*** GIVEN MATERIAL Section Begins ***
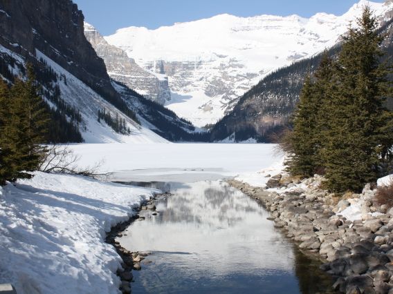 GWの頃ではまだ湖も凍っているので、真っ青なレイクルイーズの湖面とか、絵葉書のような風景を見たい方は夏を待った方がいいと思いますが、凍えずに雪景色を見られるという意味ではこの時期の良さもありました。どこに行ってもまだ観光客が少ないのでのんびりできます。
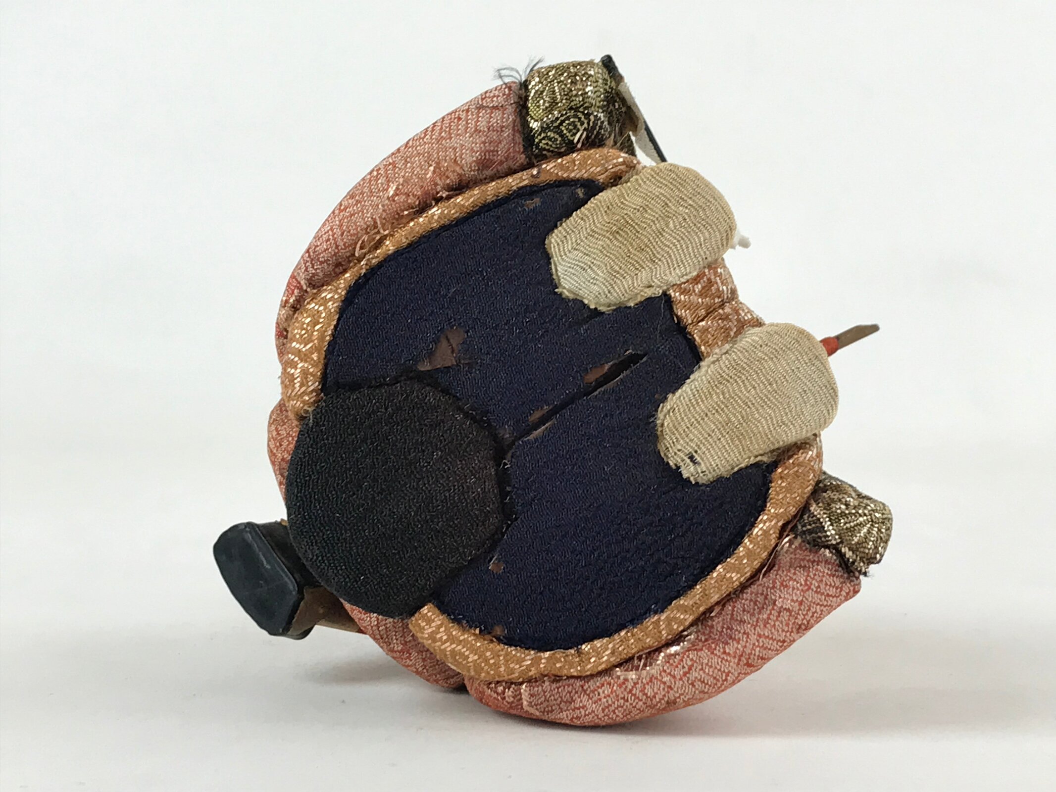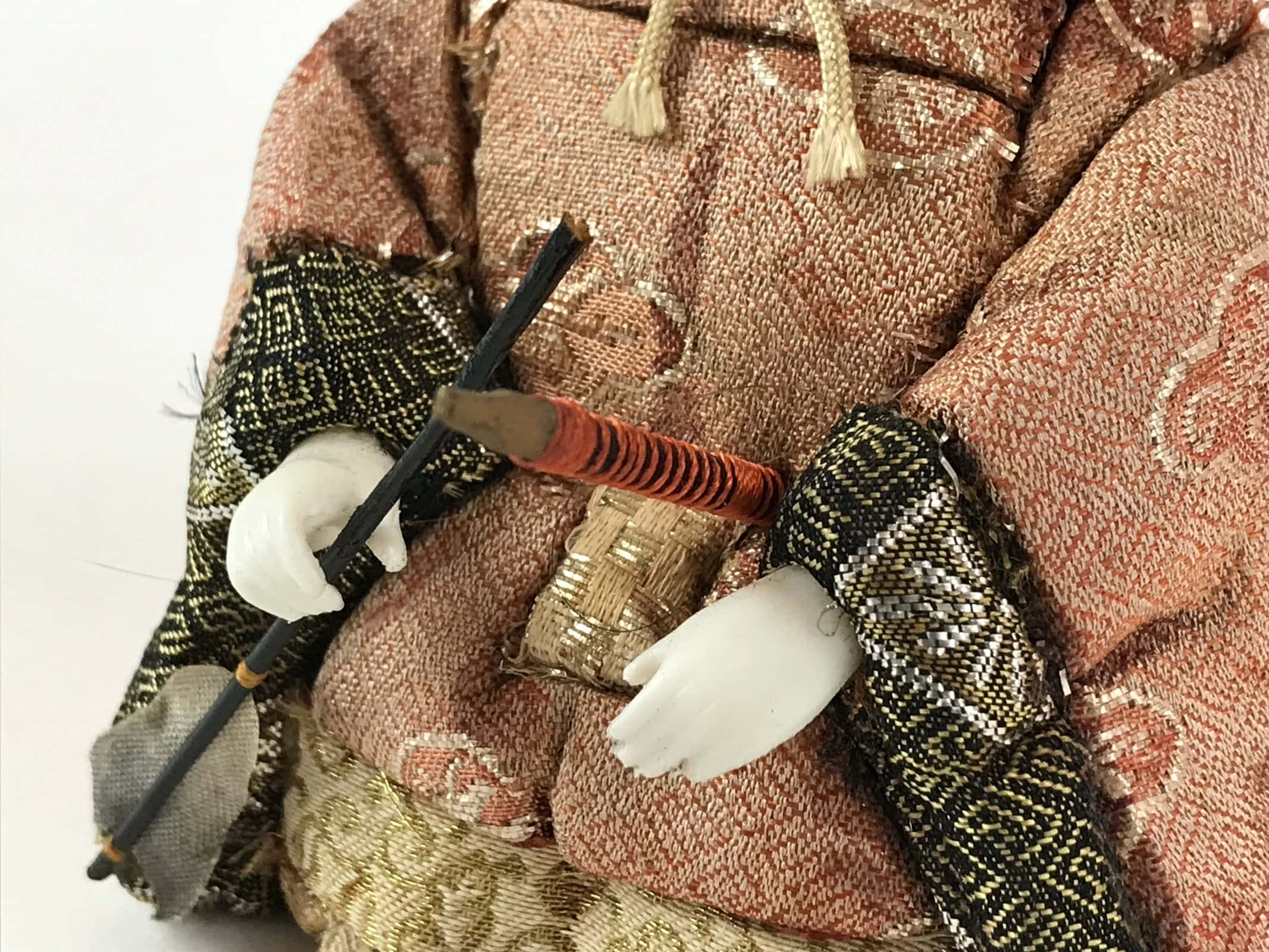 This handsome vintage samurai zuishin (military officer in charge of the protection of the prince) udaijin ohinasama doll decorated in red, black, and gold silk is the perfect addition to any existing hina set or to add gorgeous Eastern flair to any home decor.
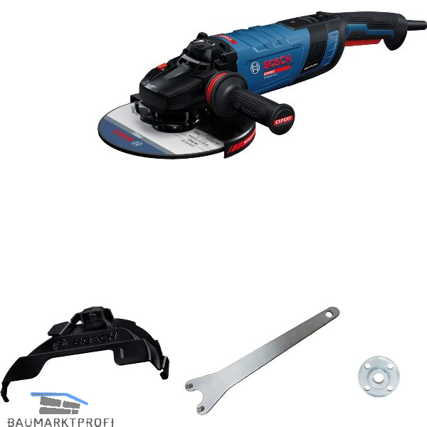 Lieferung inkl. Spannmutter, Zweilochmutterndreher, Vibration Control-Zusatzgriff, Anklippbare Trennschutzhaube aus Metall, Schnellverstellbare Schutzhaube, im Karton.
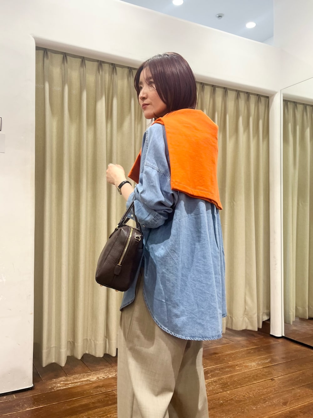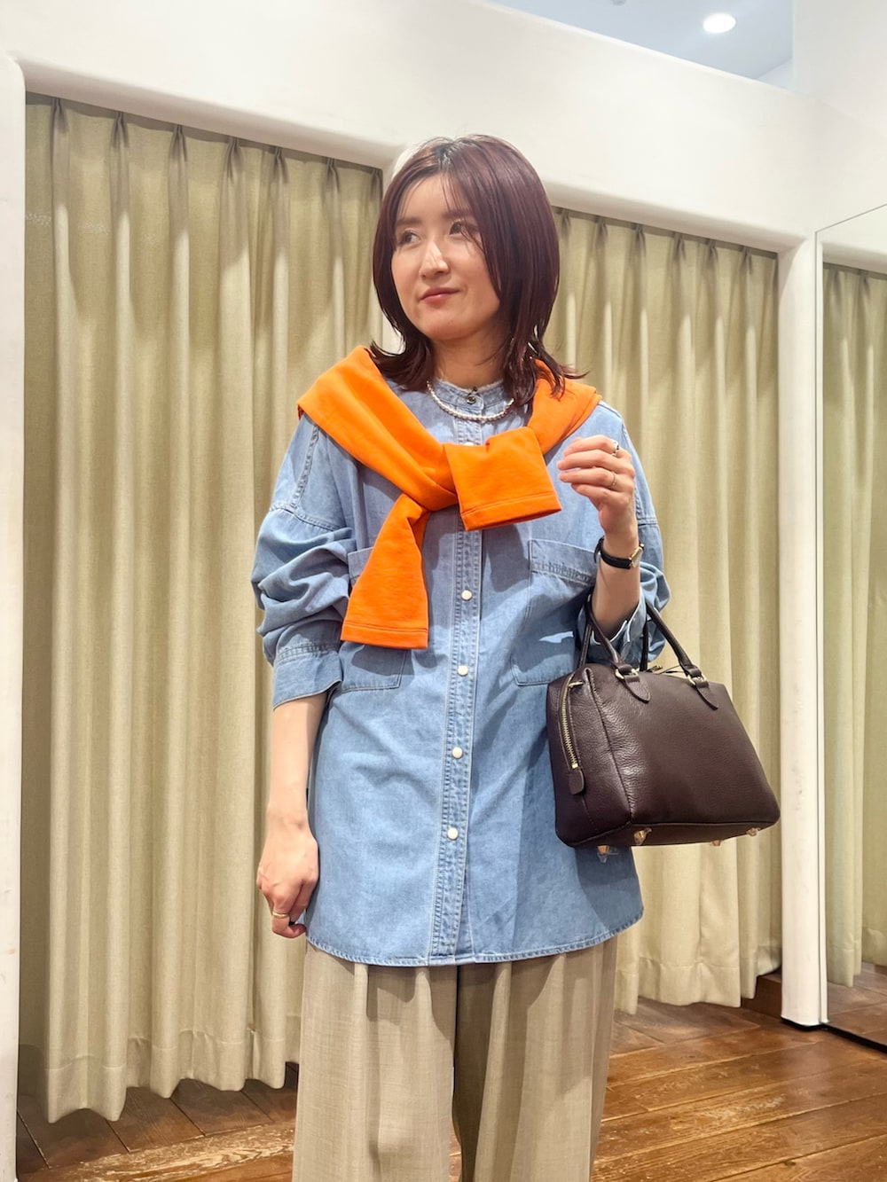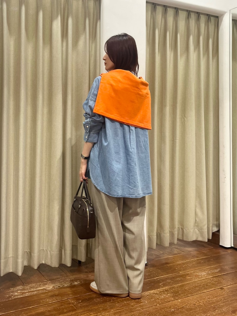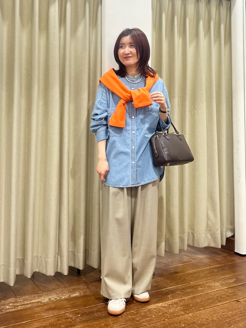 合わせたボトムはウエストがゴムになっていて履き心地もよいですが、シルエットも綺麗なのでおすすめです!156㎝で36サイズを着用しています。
*** GIVEN MATERIAL Section Ends ***
- REQUIREMENT -
Extract the full listing exactly, with the pictures left out.

- ANSWER AREA -
 GWの頃ではまだ湖も凍っているので、真っ青なレイクルイーズの湖面とか、絵葉書のような風景を見たい方は夏を待った方がいいと思いますが、凍えずに雪景色を見られるという意味ではこの時期の良さもありました。どこに行ってもまだ観光客が少ないのでのんびりできます。
 This handsome vintage samurai zuishin (military officer in charge of the protection of the prince) udaijin ohinasama doll decorated in red, black, and gold silk is the perfect addition to any existing hina set or to add gorgeous Eastern flair to any home decor.
 Lieferung inkl. Spannmutter, Zweilochmutterndreher, Vibration Control-Zusatzgriff, Anklippbare Trennschutzhaube aus Metall, Schnellverstellbare Schutzhaube, im Karton.
 合わせたボトムはウエストがゴムになっていて履き心地もよいですが、シルエットも綺麗なのでおすすめです!156㎝で36サイズを着用しています。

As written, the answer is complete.